Enquanto Paschoal cumpria seu trabalho no Itamarati, acompanhava de onde estivesse o Teatro de Estudantes e seus desdobramentos através de suas irmãs – Orlanda e Rosa.

A idéia de uma vinculação a política partidária surgiu pela imensa vontade de retornar ao Brasil e dar continuidade às suas propostas culturais, instituir alternativas para concretizar projetos e investir em educação. Uma semana antes de Paschoal partir para Atenas, um amigo desabafou:

– pensei nisso quando fui à missa de sétimo dia de sua mãe (Ruminei: que tem a missa da minha mãe com a política) e durante mais de duas horas vi uma fila imensa diante de você dando-lhe pêsames. Ricos e pobres, brancos e pretos. – “Que grande eleitorado.” (Magno, 1969, p. 64)

Paschoal candidatou-se a vereador na cidade do Rio de Janeiro. Com a ajuda de suas irmãs, cinco mil cartas foram encaminhadas. A espontaneidade dos jovens articulou a projeção de Paschoal. Por diversos bairros os atores encenavam peças infantis, e por fim, estendiam as faixas com os dizeres: Se Paschoal não voltar acaba tudo. (Magno, 1969, p. 205)

Frente do panfleto da campanha de Paschoal Carlos Magno para vereador da cidade do Rio de Janeiro, 1950

Em 3 de outubro de 1950, Paschoal foi eleito vereador pela UDN[1], sem nenhuma participação em comícios ou reunião do partido. Empossado em 1 de abril de 1951, permaneceu no cargo até 31 de janeiro de 1955. E, como era esperado assumiu o seu cargo independente da política partidária. Atuou como membro da Comissão dos Problemas dos Favelados Cariocas (1951) e que lhe valeu ser chamado de simpatizante do credo comunista.[2]

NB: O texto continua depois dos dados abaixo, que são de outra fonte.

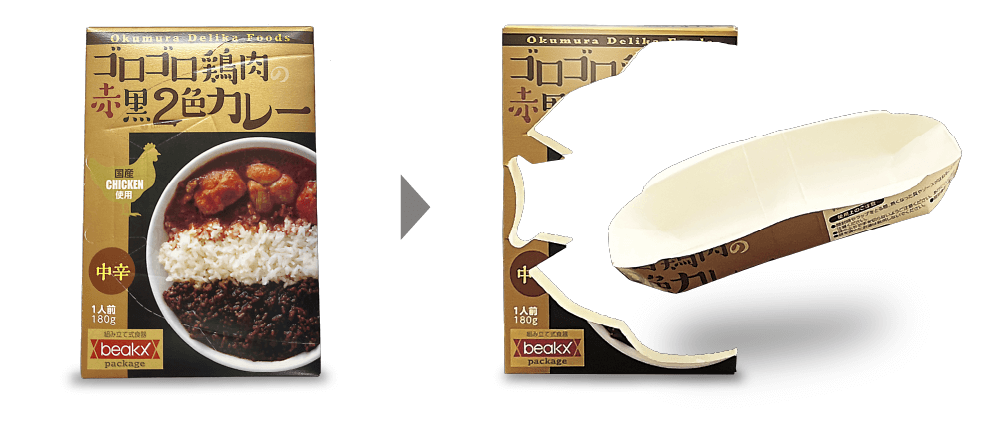 「beakx」は、当社の特許技術である「折り紙食器 beak」を応用した“箱から皿になる”パッケージです。レトルト食品などのパッケージがそのまま洗い物不要の丈夫な食器として機能するため、災害備蓄やアウトドア用途で大きな効果を発揮します。
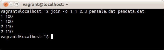 $ join -o ファイル番号.フィールド番号 ファイル名1 ファイル名2

Verso do panfleto da campanha de Paschoal Carlos Magno para vereador da cidade do Rio de Janeiro, 1950

Paschoal também lutou pela autonomia do Teatro Municipal, pois na época vinha sendo entregue às festinhas de família, reuniões políticas, banquetes aos donos da pátria. (Assembléia, p. 423; Ata 104, 3 set. 1951, p. 47), além de, em todo momento, proclamar o descaso com orfanatos, centros de tuberculosos, deficiências e artes em geral. A ponto de se levantar contra o seu próprio partido:

Em quatro anos de exercício político nunca me foi possível compreender porque nossos adversários eram classificados pelos meus correligionários, com raras exceções, como cornudos, castrados, ladrões, pederastas. E cometiam na sua maioria os mesmos erros daqueles de apadrinhar causas injustas, arranjar empregos para parentes e conhecidos. (Magno, Tudo valeu à pena, m.s., 28 de março de 1955)

E, mais:

Apresentei toda uma série de projetos ligados à educação, muitos dos quais não encontraram pernas para andar no chão de uma assembléia eminentemente eleitoreira. (Magno, Tudo valeu à pena, m.s., 4 de abril de 1955)

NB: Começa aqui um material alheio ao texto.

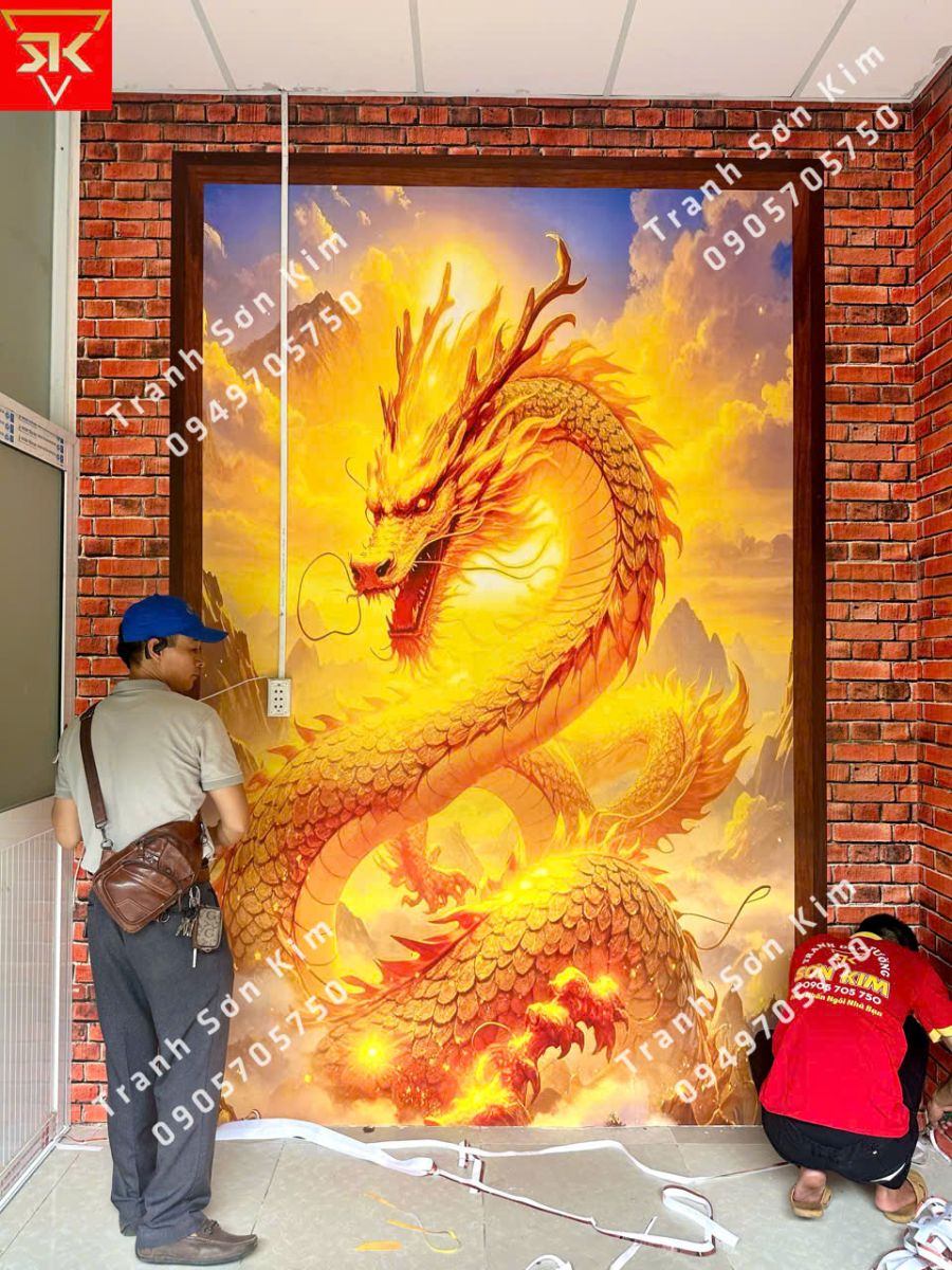 Thi công tranh dán tường hình Rồng vàng cho văn phòng công ty

Durante seu mandado de vereador apenas um bom momento a ser registrado. Paschoal ficou surpreso com chamado de Getúlio Vargas, para participar sobre sua ida a Alemanha (Universidade de Erlargen), para ser prestigiado na Festival Internacional de Teatro – com 400 acadêmicos de Teatros Universitários do Mundo. O festival teve a avant première com o texto de Paschoal, Amanhã será diferente, pelo Teatro Universitário de Istambul.

Referências:

MADEIRA, Gisele Ou MIRANDA, Gisele. Paschoal Carlos Magno (1906-1980): mosaico de um Culturalista (tese de doutorado/PUC-SP, 2000).

MAGNO, Paschoal Carlos. Não acuso nem me perdôo: diário de Atenas. Rio de Janeiro: Record, 1969.

MAGNO, Paschoal Carlos Tudo valeu à pena.(manuscrito, 1940)


[1] A UDN – União Democrática Nacional foi criada em 1944, entre os seus correligionários estavam o brigadeiro Eduardo Gomes, que participou da sublevação tenentista (Dezoito do Forte de Copacabana, 1922), e o jornalista Carlos Lacerda, ferrenho e controvertido orador, pivô do caso da rua Toneleiros (agosto 1954), quando Getúlio Vargas foi acusado de ser o mandante do atentado, e que logo culminou na crise do populismo e no suicídio do presidente do Brasil.

[2] Assembléia Legislativa do Estado do Rio de Janeiro: levantamento das atividades parlamentares de Paschoal Carlos Magno, 10 de maio de 1951, p. 415-417. E ainda, Paschoal deixou registrado: a delegacia política aproveitará a circunstância para fazer calar a voz dos pequeninos perseguindo-os.